I’ve been meaning to change my email address to something slightly less ridiculous but John hasn’t gotten around to it. I’m all thumbs when it comes to the puters’! Yee-haw!
I immediately write back that I’ll be there on Friday, heartened by the knowledge that I’ve somehow connected with the man. He’s at least thought about our conversation at some point. It would be disingenuous to dismiss the man’s fame entirely, but it almost doesn’t matter that he’s Kurt Cobain. It’s connecting with a human about something really personal that feels good.

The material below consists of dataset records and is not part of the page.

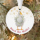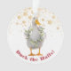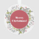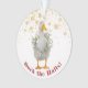 One side of this whimsical ornament has a white pekin duck wearing a watercolor greenery and berry wreath. The other side features a pretty watercolor wreath with the message "Merry Christmas". All copy may be changed and personalised as you like using the customise tool.
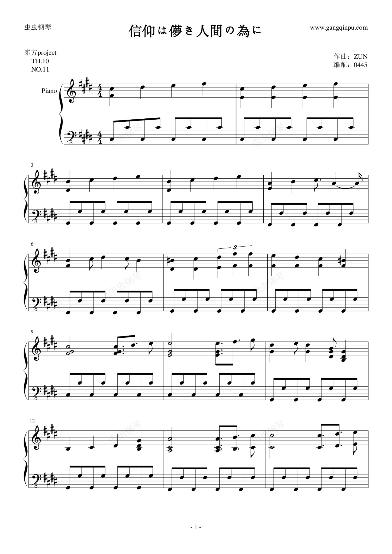 钢琴谱:【东方风神录】信仰は儚き人間の為に
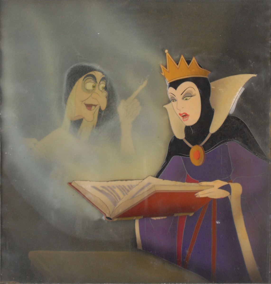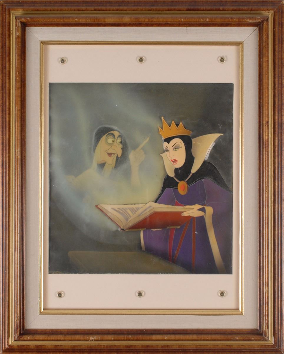 (Walt Disney Studios, 1937) Original production cels featuring two portrayals of the Evil Queen from Snow White and the Seven Dwarfs, showing the villainess perusing her book of spells as her metamorphosed form, the Wicked Witch or Old Hag, looks on from a mystical cloudy background. The cels have been trimmed to image and applied to an airbrushed background as prepared by Courvoisier Galleries for sale. Character images measure 8 x 9.25 and 5 x 4, with a mat opening of 10.75 x 11.25. This piece is also framed to an overall size of 17 x 21. The piece has the original Walt Disney Enterprises label on the reverse. In fine condition, with a bit of rippling to cels and some trivial scattered surface marks. An exceptionally rare example of this classic evil character in both of her forms and one of the most desirable of all Snow White cels.
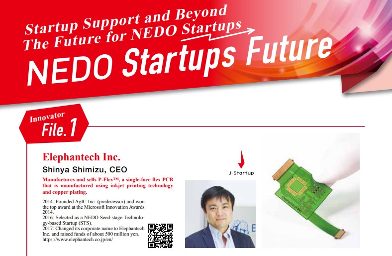 On “Focus NEDO No.73 Special Edition NEDO Startup Future” published by NEDO*, our company was featured as a startup company that manufatures and sells P-Flex🄬, a single sided flexible PCB manufactured with the use of inkjet printing and copper plating. *NEDO: National Research and Development Agency New Energy and Industrial Technology Development Organization Media Coverage List of Media Articles
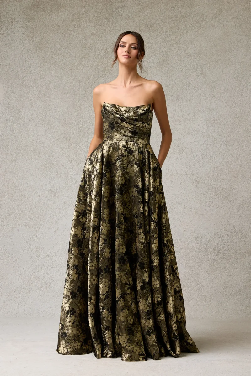 Vestido Ajustado con Corsé Estampado de Floral Glitter (Varios Colores)
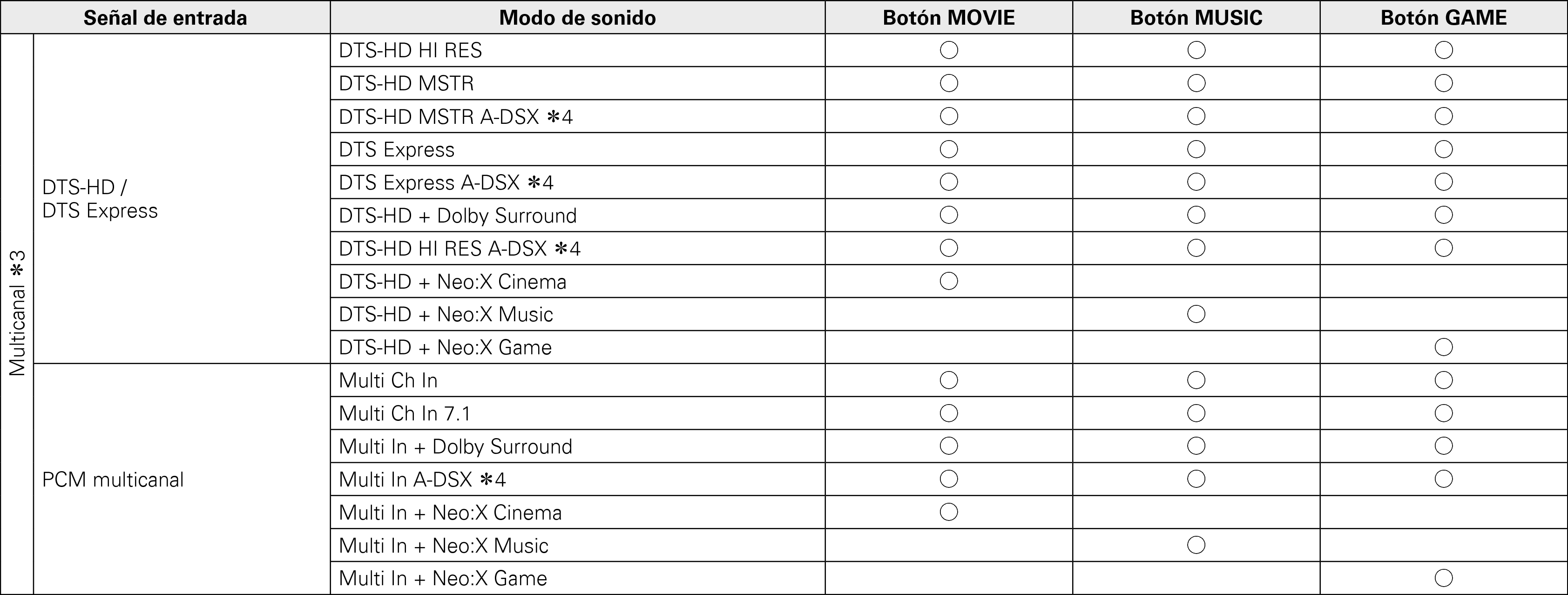 Este modo se puede seleccionar cuando se reproducen fuentes multicanal PCM/DSD.

I also dig the free-association thing he’s doing in his email. The game – like with the reference to Sharkweek – where he takes stupid shit seriously. I sign my reply with the sincere hope that he has a fantastic Lobsterfest at his favorite participating Red Lobster and further, that he’s able to enjoy as many Cheddar Bay biscuits TM as he can for the length of the promotional period – not just part of the promotional period – all of it.
This idle rumination about our connection is not to last however as later in the afternoon I get a text from Martin, who delivers the news that I’m set to interview Dave Grohl. Ironically or perhaps not so ironically the meeting will be on Friday afternoon. The same day Kurt and I were to get together. Shit.

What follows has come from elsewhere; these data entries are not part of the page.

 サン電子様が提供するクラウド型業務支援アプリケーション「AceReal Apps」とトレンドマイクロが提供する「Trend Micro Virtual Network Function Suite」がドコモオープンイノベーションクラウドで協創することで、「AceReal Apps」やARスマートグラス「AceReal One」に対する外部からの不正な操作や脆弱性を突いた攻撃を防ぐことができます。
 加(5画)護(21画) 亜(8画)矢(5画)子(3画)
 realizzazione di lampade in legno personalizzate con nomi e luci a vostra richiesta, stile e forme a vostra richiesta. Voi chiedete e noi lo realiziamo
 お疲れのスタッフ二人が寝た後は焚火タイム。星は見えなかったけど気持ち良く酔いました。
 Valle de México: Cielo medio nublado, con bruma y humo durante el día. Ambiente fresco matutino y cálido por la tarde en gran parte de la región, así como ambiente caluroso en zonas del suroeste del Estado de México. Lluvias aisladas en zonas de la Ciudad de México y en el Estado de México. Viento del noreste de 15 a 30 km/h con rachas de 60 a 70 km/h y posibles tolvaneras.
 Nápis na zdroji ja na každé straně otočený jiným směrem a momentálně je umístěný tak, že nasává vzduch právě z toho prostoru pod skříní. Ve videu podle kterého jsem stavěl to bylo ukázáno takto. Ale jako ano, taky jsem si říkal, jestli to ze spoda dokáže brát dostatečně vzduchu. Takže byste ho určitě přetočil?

On Friday morning we get together at Kurt’s house before the meeting with Dave to review the plan. Since we last spoke about it two weeks ago, the operation has gotten fairly complex. The team consists of me, Kurt, John and two new guys; two fit, ex-military looking dudes that will be posing as a video crew. They are dressed as plainly as can be imagined: jeans, Nike running shoes, and t-shirts. We stand around a worktable looking down at the layout of Dave’s house as John explains everything. My part seems fairly straightforward. When we break John presents me with a button-hole camera to wear. He takes a few minutes to show me how to rig it up and just as importantly, make sure it’s recording.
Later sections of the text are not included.